Caccia all’uomo: sulle tracce del pericoloso ergastolano evaso

LECCE- Posti di controllo e perquisizioni, indagini serrate e nulla di intentato. Così nel Salento, e non solo, va avanti la caccia all’uomo, la caccia a Fabio Perrone, pericoloso ergastolano, in fuga armato.
È presidiato dalle forze dell’ordine il suo paese, Trepuzzi, sono presidiate le marine vicine di Casalabate e Torre Rinalda, ma anche tutte le arterie stradali da Lecce, Brindisi, Taranto. Ma lui e l’auto sulla quale è scappato sembrano spariti nel nulla, da quando è iniziata la folle fuga dall’ospedale Vito Fazzi di Lecce. Perrone, in carcere perché condannato all’ergastolo per l’omicidio di Fatmir Makovic e per il ferimento del figlio 16enne della vittima, doveva sottoporsi ad una colonscopia. La polizia penitenziaria lo ha scortato al Fazzi, ammanettato. Due agenti lo hanno accompagnato nella sala per l’esame endoscopico e gli hanno tolto le manette. In un attimo, Perrone li ha aggrediti, disarmati e feriti con la loro stessa pistola. Poi è fuggito, continuando a sparare, ferendo di striscio il parente di un uomo ricoverato, e seminando il terrore.

Ha puntato la pistola in faccia ad una donna e le ha rubato l’auto, ha urtato con la vettura una guardia giurata e poi è scappato “in direzione Gallipoli”. Questa è stata la prima segnalazione. Poi il nulla. Non si sa più niente di lui, né della Toyota Yaris grigia usata per la fuga.

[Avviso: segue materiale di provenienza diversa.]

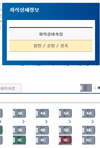 좌석을 선택하시면 이렇게 순방향인지, 창가인지를 확인하실 수 있습니다.

A coordinare le indagini è il PM Antonio De Donno, che mantiene la massima riservatezza. L’unico aspetto che sottolinea è che “È stato attivato l’intero meccanismo, tutte le forze di polizia sono in campo, ognuno sta facendo la propria parte”. Sin dalle prime ore successive alla fuga, il Questore di Lecce Pierluigi d’Angelo -fanno sapere dalla questura- ha predisposto, secondo intese con i Comandanti Provinciali delle altre Forze di Polizia, un massiccio impiego di pattuglie presenti sul territorio. Numerosi equipaggi, nell’arco delle 24 ore, sono impegnati in posti di controllo e perquisizioni, che vanno ad integrare un’intensa attività info-investigativa.Le ricerche, concentrate nei luoghi precedentemente frequentati dall’evaso, sono state estese anche alle provincia limitrofe di Taranto, Brindisi, nonché Bari e Foggia, anche con l’impiego di elicotteri. Sono stati, inoltre, allertati porti ed aeroporti.

Intanto c’è qualcuno che ha paura più di tutti: gli ospiti del campo rom di Panareo, vicino a Trepuzzi. Lì vivono i familiari dell’uomo montenegrino ucciso da Perrone in un bar, la notte tra il 28 e il 29 marzo, per futili motivi. Hanno paura che possa andare lì per vendetta e sono in stato di massima allerta. “Stanotte nessuno qui ha dormito” dicono.

Si rincorrono, nel frattempo, alcune voci, al momento tutte smentite dalle forze dell’ordine: è stato detto che un uomo sospetto sarebbe stato fermato a Lizzano, in provincia di Taranto; e ancora che la Yaris sarebbe stata ritrovata a Torchiarolo. Solo voci, appunto. Le notizie vere arriveranno soltanto da chi sta indagando e da chi è in strada, a controllare l’intero Salento palmo a palmo. Chiunque dovesse avvistare il ricercato, deve immediatamente allontanarsi e chiamare il 113 o il 112. è una scheggia impazzita, senza scrupoli e armata.